The order came at the request of so-called managed care organizations (MCOs), which include health insurers, hospitals and others contracted by the state to either provide health care or process payments for millions of Illinois’ Medicaid recipients. These MCOs filed suit in April, asking the court to order the state to not only pay them, but force the state to move their invoices to the top of Illinois’ deep and growing piles of unpaid bills.

Specifically, the MCOs asked the judge to enforce a consent decree entered in 2015 ordering the state to pay its Medicaid bills to ensure access to health care services doesn’t dry up for those whose health care bills are paid by the state through Medicaid.

The state argued its current financial circumstances don’t allow it to pay all its bills at once – even if they are accompanied by a court order. The plaintiffs, however, argued they believed the state had only chosen not to pay them, prioritizing instead “core services,” including state and public worker pensions.

The MCOs said they believed legal precedent gives the federal courts the power to order the state to pay them, even at the expense of pension payments, which are otherwise mandated by the Illinois state constitution.

Lefkow sided with the plaintiffs, saying she believed they had demonstrated sufficiently that the state was violating the 2015 order, and that health care options for those on Medicaid were drying up from the state’s failure to pay them.

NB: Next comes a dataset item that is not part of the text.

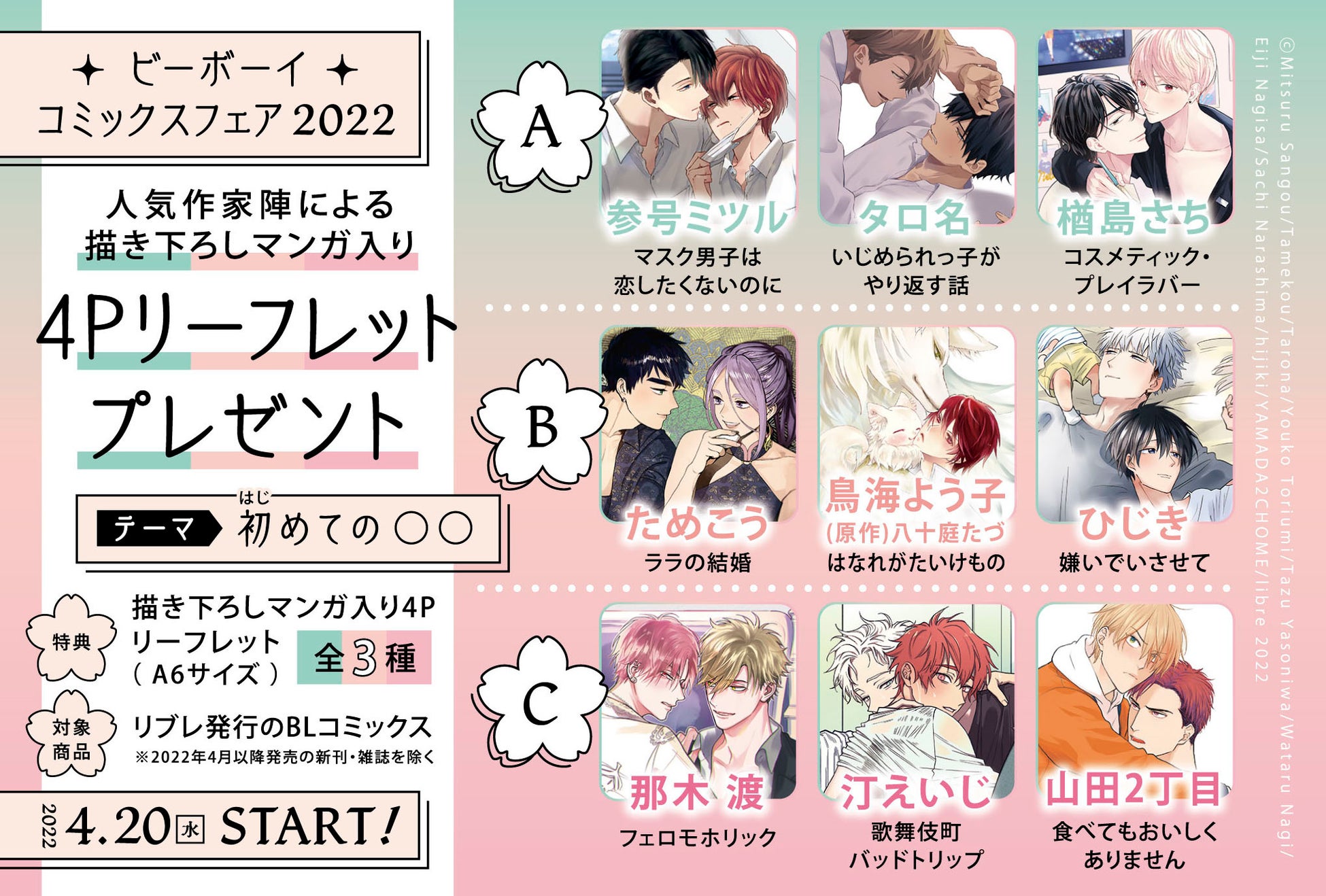 株式会社リブレ(本社:東京都新宿区、代表取締役社長:太田歳子)は、毎年恒例の大型コミックスフェア「ビーボーイコミックスフェア2022」を2022年4月20日(水)より開始いたします。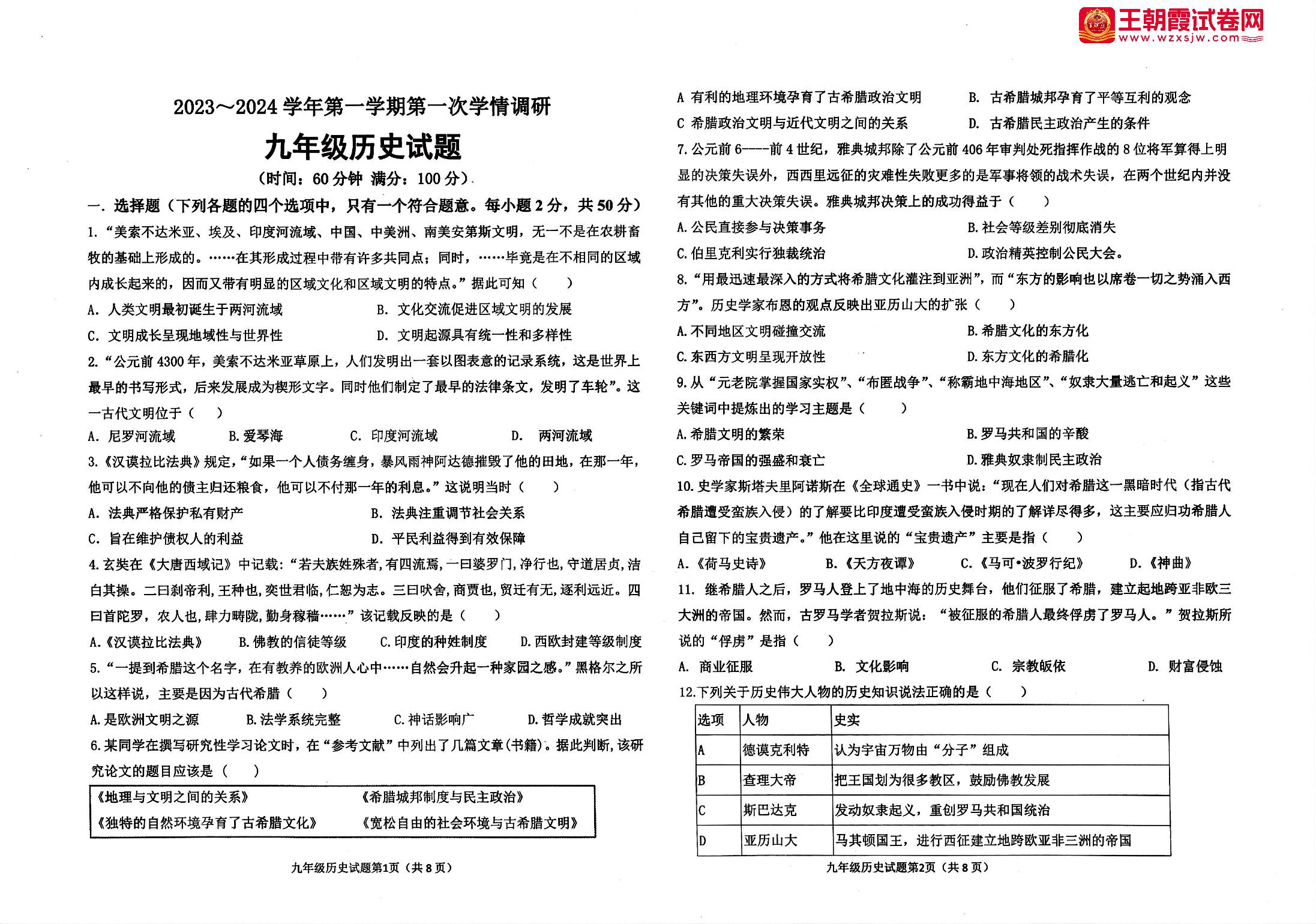 山东省聊城市运河联盟联考2023-2024学年第一学期第一次学情调研(月考)九年级历史(人教版)

She noted, for instance, one MCO had been left unable to reimburse any of its member providers since February, causing many of these doctors and other health care service providers to leave their network, leaving Medicaid-reliant patients with no or very limited viable health care options where they live.

The judge had given the state and MCOs two weeks in mid-June to negotiate a deal, but the two sides remained too far apart, leading the judge to now order the state to pay roughly what the MCOs had demanded.

She said she anticipated the state would “be reimbursed at approximately 50 percent by federal Medicaid match from the federal government, thus reducing the net outlay from State funds by approximately 50 percent per month.”

She further ordered the state to work with the MCOs to grant higher priority for payment to “Safety Net Hospitals” – hospitals serving vulnerable populations in sensitive areas of the state – deemed “crucial to affording the plaintiff class members’ access to federally mandated healthcare services.”

And she ordered the state to file monthly reports showing the payments were being made.